Robotic good behaviour

Robot exclusion

The Peregrinator follows the Standard for Robot Exclusion, so Web managers can control its access to their servers via a
User-agent:    Peregrinator-Mathematics
record in their /robots.txt file.

So far few mathematics Web administrators are making use of this file: of about 90 servers indexed by the Peregrinator on its first run, only two (one of them my own) had a /robots.txt. (Another half dozen erroneously return their default page when /robots.txt is requested: this seems to be an idiosyncrasy of the GN HTTP daemon.)

Guiding the Peregrinator

Administrators of Web servers containing mathematical and statistical information are encouraged to assist the indexing project by providing a /robots.txt entry to indicate to the Peregrinator which subtrees contain information not relevant to mathematics.
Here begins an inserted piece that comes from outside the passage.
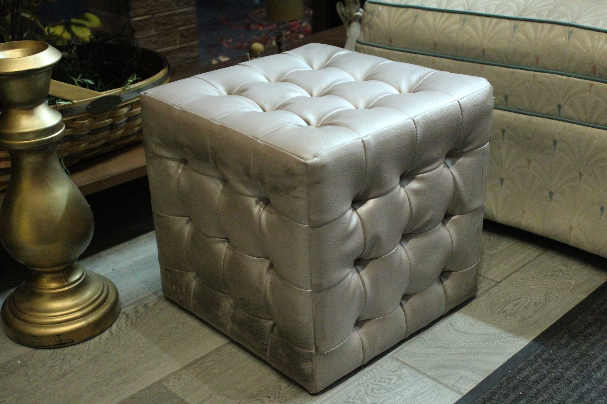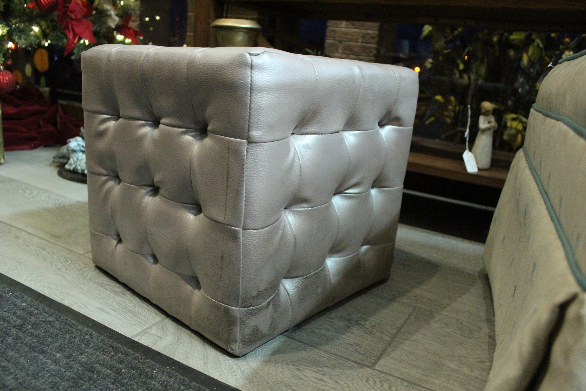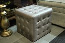A metallic silver cube ottoman in faux leather, 12.5" x 12.5" x 12.5". This item can not be shipped.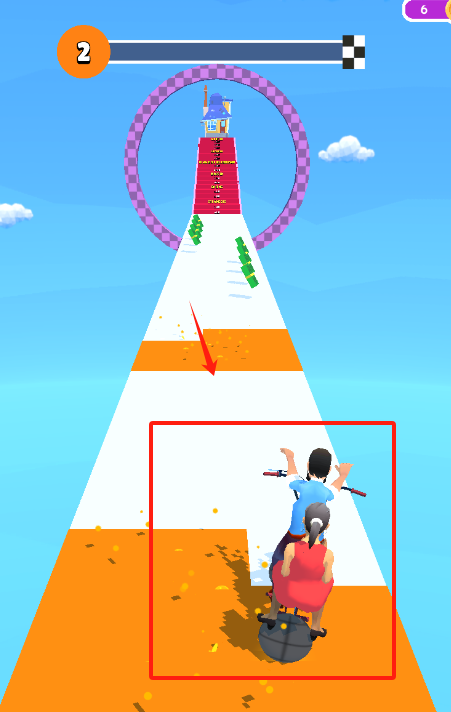 3、操控红框标注的男女角色骑行通过紫色圆环关卡,右上角的数字“2”显示当前的完成进度,确保两人配合通过所有圆环,推进关卡进程。

For example:
User-agent:    Peregrinator-Mathematics
Disallow:      /CompSci/ # (though the Maths-CS boundary is ill-defined)
Disallow:      /Games/
Disallow:      /Unixhelp/
Disallow:      /Bigdummy/
Disallow:      /cgi-bin/finger
Disallow:      /man/
This would of course require variations depending on what is present and how it is named on a given server.

More drastic exclusions

To prevent all access by this robot, include the following record:
User-agent:    Peregrinator-Mathematics
Disallow:      /
To block all robots, you could say
User-agent:    *
Disallow:      /
However, it would be a pity if many sites did this, as the information they contain would not then be automatically indexed by any conforming robot.

Access timing

The Peregrinator also restricts its accesses to individual servers to a maximum of no more than one every several minutes, and an average over its running time of considerably less often. But because it is concentrating its efforts on the hundred or so servers concerned with the topic in question, it is not as easy to space accesses out as is the case for a general-purpose indexing robot doing a breadth-first traverse of the whole Web.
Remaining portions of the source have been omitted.